Egalement découvert à Cannes, où il fut l’événement de la Quinzaine des réalisateurs, Le Quatro Volte confirme les espoirs inspirés par le premier long métrage de Michelangelo Frammartino, Il Dono. Sans un mot de dialogue et pas davantage d’intrigue dramatique, le réalisateur italien prouve par l’exemple les puissances narratives, successivement tragiques et comiques, d’une juste observation du monde par le cinéma. Dans le village de Calabre où il a installé sa caméra, Frammartino accompagne une mort et une naissance, le cycle des saisons comme Hésiode et Virgile surent le faire, et des accidents comme Laurel et Hardy aimèrent les filmer. C’est magique, c’est bizarre, ça ne ressemble pas à ce qu’on a l’habitude de voir au cinéma et pourtant c’est à sa manière l’esprit même du cinéma qui s’incarne. Paisiblement, joyeusement.

Bas-Fonds2Valérie Nataf dans Bas Fonds d’Isild Le Besco

Enfin voici venir un autre météorite. Celui-là est violent, brûlant, percutant. Bas Fonds d’Isild Le Besco laisse une trainée de poudre dans son sillage, et la certitude d’avoir touché au plus sensible d’une douleur de vivre, une douleur commune quand bien même ces personnages ne sont pas communs.

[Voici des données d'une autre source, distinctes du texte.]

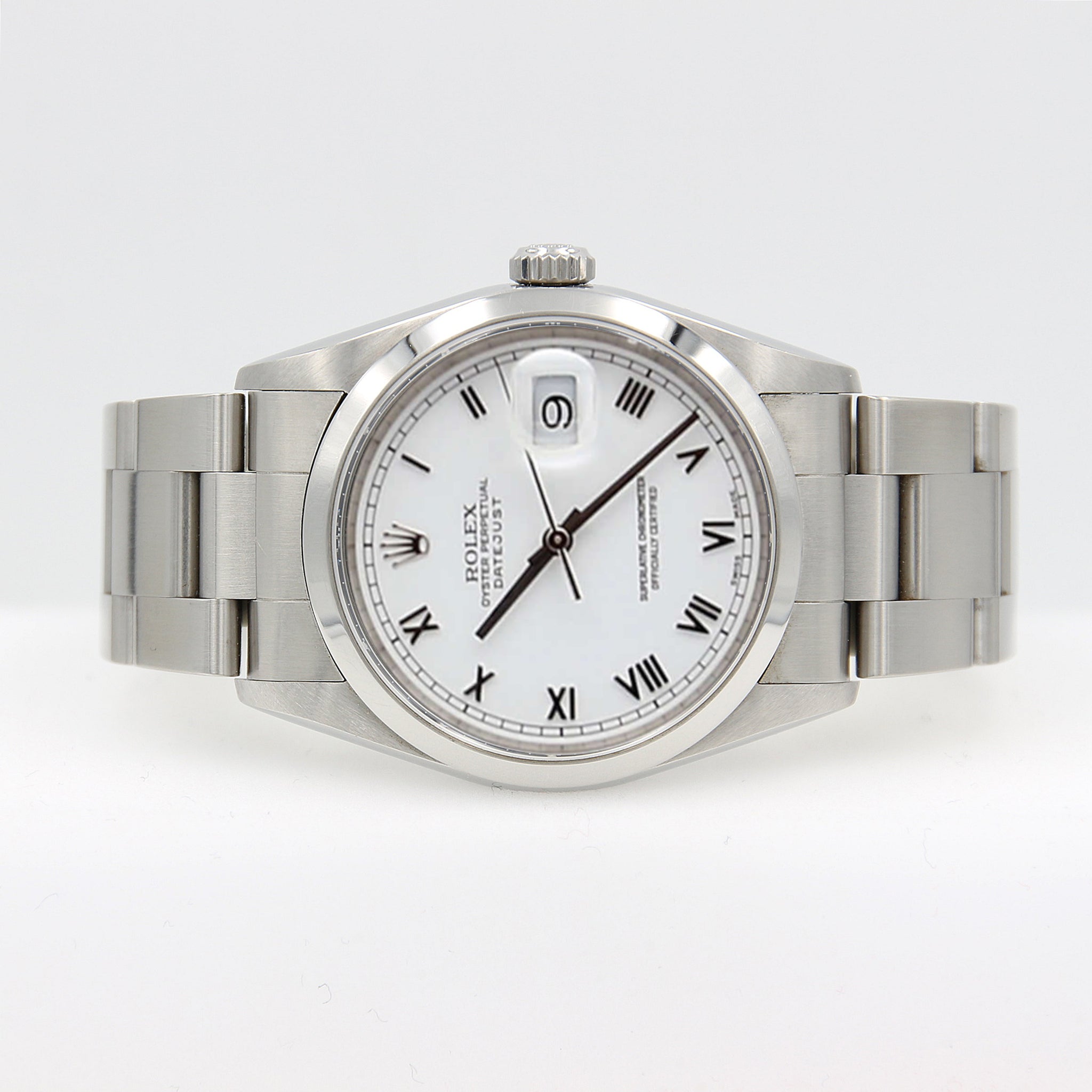 Rolex Datejust 36 ref. 16200 - White Small Roman Dial Oyster Bracelet - Full Set

A l’instar de ses deux premiers films, Demi-tarif et Charly, la réalisatrice semble trouver un point de vue inconnu, une distance impossible et radicalement juste pour observer des protagonistes ici jusqu’aux tréfonds de leur révolte, de leur angoisse, de leur solitude et de leur volonté de s’affirmer. Isild Le Besco filme sans  rien édulcorer, sans juger ni s’apitoyer. Retraçant la chronique de trois jeunes femmes en rupture de tout, et entre lesquelles circulent une violence aussi extrême que celle qu’elles infligent occasionnellement à l’extérieur,  Bas Fonds ne retient ni ses cris ni ses coups. Il ne s’agit pas ici de naturalisme, encore moins d’exhibitionnisme, mais de l’invention à l’arraché d’une forme artistique qui approche des états pourtant bien réels, où les mots et les gestes convenus, « policés », n’ont plus d’usage.

D’une sincérité vibrante jusqu’au paroxysme, geste qui évoque Les Bonnes de Genêt et les cris du Free Jazz, le film d’Isild Le Besco laisse une trace profonde et douce, à la mesure de sa brûlure initiale.